* _Raw data_
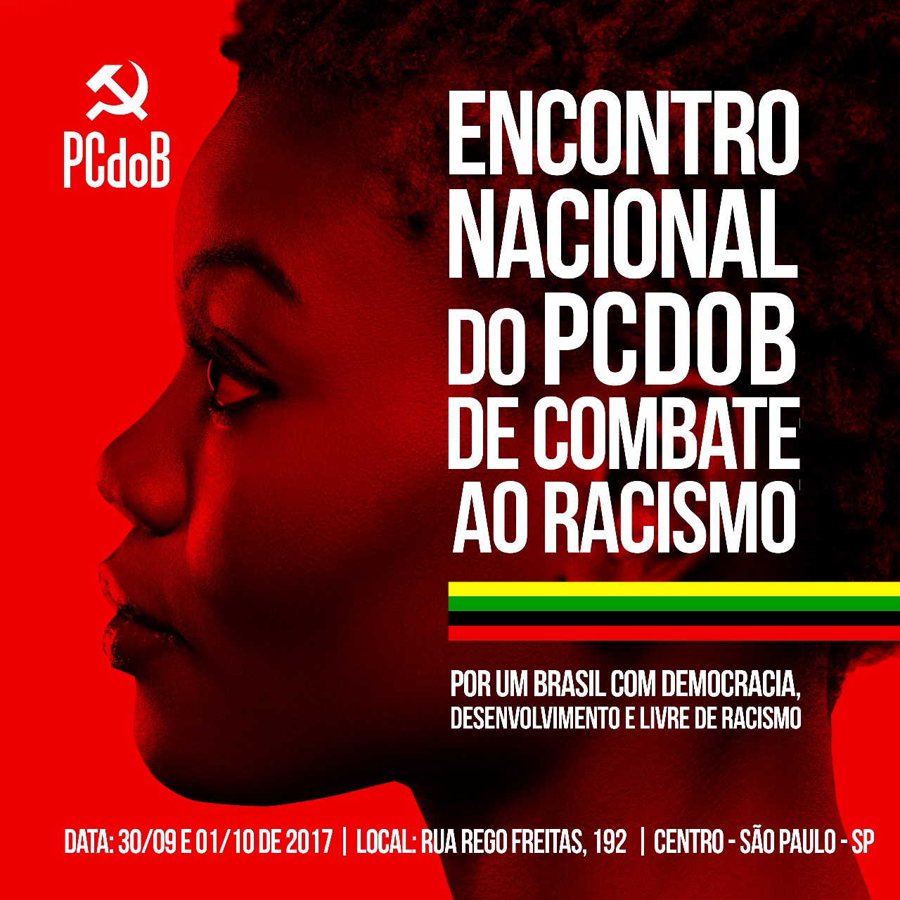 A secretaria nacional do PCdoB de Combate ao Racismo realizará de 30 de setembro a 1º de outubro deste ano, em São Paulo, o 2º Encontro Nacional de Combate ao Racismo e à Intolerância que abordará o tema “Avançar na luta pela Democracia, pelo Desenvolvimento e por um Brasil sem Racismo”. Estão convidados a participar toda a militância e dirigentes da frente antirracista.
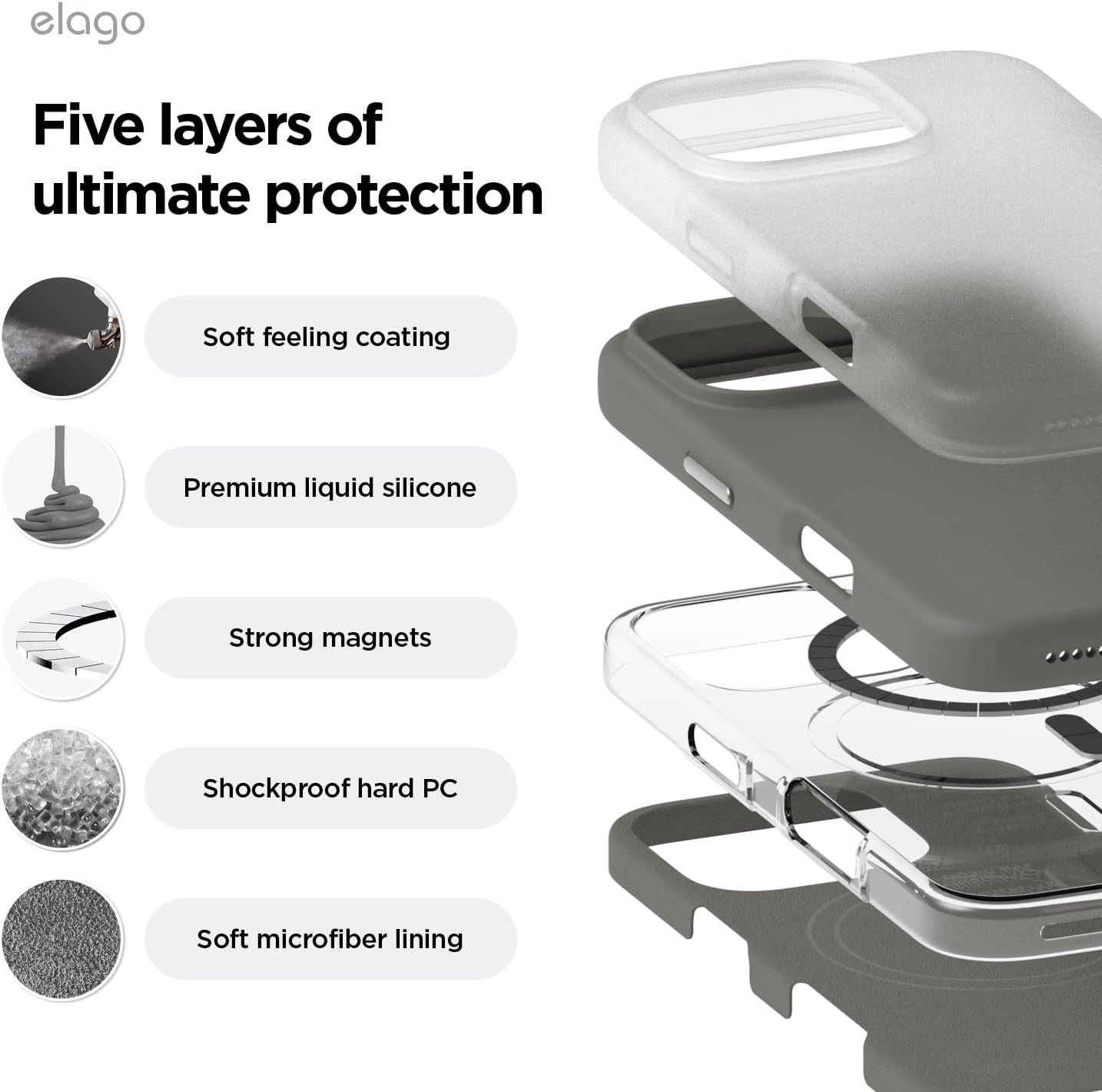 Силиконов калъф elago Magnetic, съвместим с iPhone 16 Pro 6.3 инча, съвместим с всички аксесоари MagSafe - вградени магнити, мек силиконов захват, удароустойчив (средно сив)
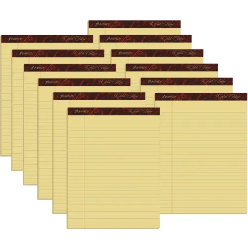 Esselte® Gold Fibre Legal Pad, 8-1/2" x 11-3/4", Wide Ruled, Canary, 50 Sheet/Pad, 12 Pads/Pack
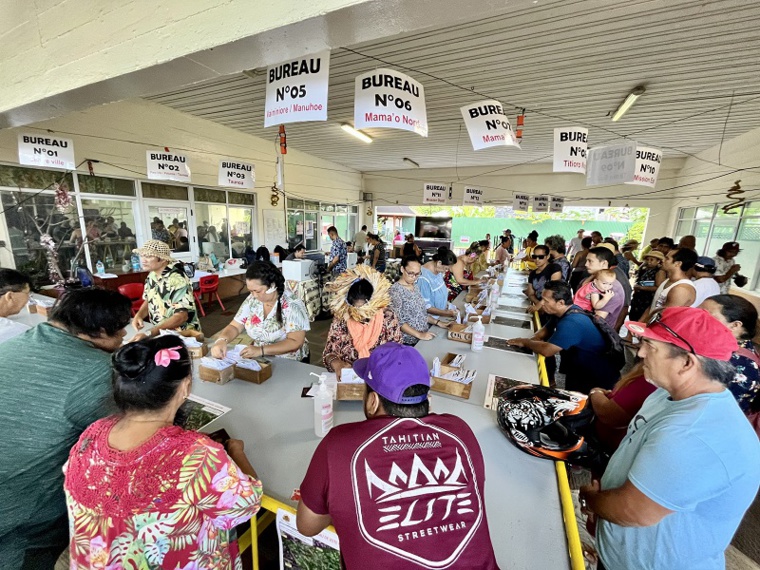 Bureaux de vote à Papeete ce dimanche, où le vote Tavini arrive en tête (3430 voix) à l’issue du premier tour. Crédit photo : Antoine Samoyeau.

* _Activity_
Skip every picture and return the lines above from the top through the one that contains "Силиконов калъф elago".

* _Your response_
 A secretaria nacional do PCdoB de Combate ao Racismo realizará de 30 de setembro a 1º de outubro deste ano, em São Paulo, o 2º Encontro Nacional de Combate ao Racismo e à Intolerância que abordará o tema “Avançar na luta pela Democracia, pelo Desenvolvimento e por um Brasil sem Racismo”. Estão convidados a participar toda a militância e dirigentes da frente antirracista.
 Силиконов калъф elago Magnetic, съвместим с iPhone 16 Pro 6.3 инча, съвместим с всички аксесоари MagSafe - вградени магнити, мек силиконов захват, удароустойчив (средно сив)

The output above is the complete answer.